Russia seen hiking rates by 200 bps to 18% in July as inflation quickens: Reuters poll
2024.07.02 09:21
By Alexander Marrow and Elena Fabrichnaya
MOSCOW (Reuters) – The Russian central bank will hike rates by 200 basis points to 18% later this month as it tries to quell stubbornly high inflation that analysts now expect to end 2024 well above the bank’s 4% target, a Reuters poll showed on Tuesday.
The bank has become increasingly hawkish, promising high rates for a long time, as inflation has continued to quicken. The economy ministry reported annual consumer inflation at 8.61% as of June 24.
Ten of 16 analysts and economists polled by Reuters in late June and early July predicted that the Bank of Russia would raise its key rate to 18% on July 26. Three analysts forecast a hike to 17.5% and three predicted the bank would limit its monetary tightening to a 100-basis-point increase.
“Domestic demand, lending and inflation are not slowing down, despite the 16% key rate, so the Bank of Russia has to tighten monetary policy,” said Mikhail Vasilyev, chief analyst at Sovcombank, predicting a 200 basis point hike.

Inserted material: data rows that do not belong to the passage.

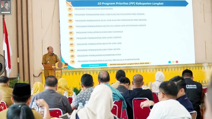Kepala Bappedalitbang Langkat, Rina Wahyuni Marpaung, S.STP, M.AP, dalam laporannya menyampaikan bahwa RPJMD adalah dokumen strategis yang memuat penjabaran visi, misi, dan program kepala daerah untuk lima tahun mendatang. Penyusunan dokumen ini harus berpedoman pada RPJPD dan mempertimbangkan RPJMN. Berdasarkan Instruksi Menteri Dalam Negeri Nomor 2 Tahun 2025, RPJMD kabupaten harus ditetapkan paling lambat enam bulan setelah pelantikan kepala daerah atau setelah RPJMD provinsi disahkan.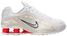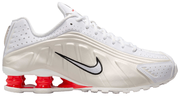 The Nike Shox R4 'Phantom Picante Red' combines retro aesthetics with responsive cushioning technology. Featuring the iconic Shox column system, this women's silhouette delivers impact absorption and a distinctive bouncy feel underfoot. The striking Phantom and Picante Red colorway offers bold visual contrast, making it a standout choice for collectors and sneaker enthusiasts. Built with premium materials and classic '90s-inspired design, this shoe balances heritage appeal with modern comfort for everyday wear or display.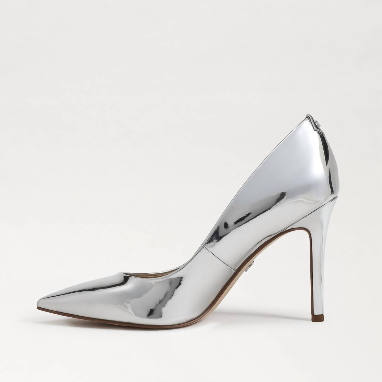 Don't be deceived, these heels are comfy as can be. Experience elegance with the Women's Hazel Pump by Sam Edelman, crafted for the modern woman who appreciates a blend of style and comfort. Featuring a pointed toe design in sleek silver and a tall 3.75-inch stiletto heel, this shoe effortlessly elongates the leg. The insole is made from synthetic materials, ensuring a comfortable fit ideal for any occasion, be it a romantic engagement or a stylish holiday outing. Embrace the quiet luxury trend for the spring season with these versatile heels that pair beautifully with dresses, jeans, or jumpsuits.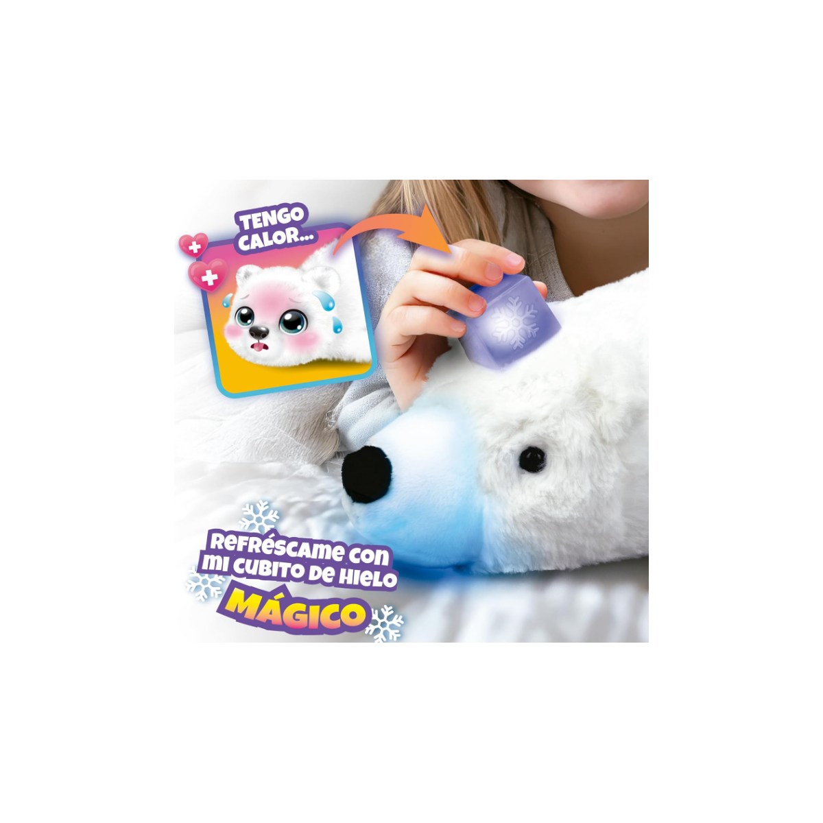 - Actividades: El osito mueve sus ojos y nariz acompañando de luces y sonidos mágicos. Su nariz cambia de color para mostrar como se siente (azul cuando está contento, verde cuando está dormido y rosa cuando tiene demasiada calor). El cubito de hielo mágico incluido sirve para frotar suavemente su cabeza para enfriarlo.

“In general, borrowers should be prepared for money in the economy to remain expensive for a long time, and likely get even more expensive.”
The consensus forecast showed that analysts expect rates to end the year at 17.75%, up from 16% in the previous poll.
“The absence of explicit signs of slowing inflation is forcing the central bank to maintain a tight course,” said BCS World of Investments analysts.
Year-end inflation was forecast sharply higher at 6.4%, up from 5.6% in the previous poll and well above the central bank’s target and expectation. Annual inflation stood at 7.4% in 2023, down from 11.9% in 2022.
The poll showed that economists now expect Russia’s gross domestic product to grow 3.1% this year, marginally higher than last month’s poll.
Analysts expect the rouble, currently trading at about 87 per dollar, to weaken to 97.5 over the next year.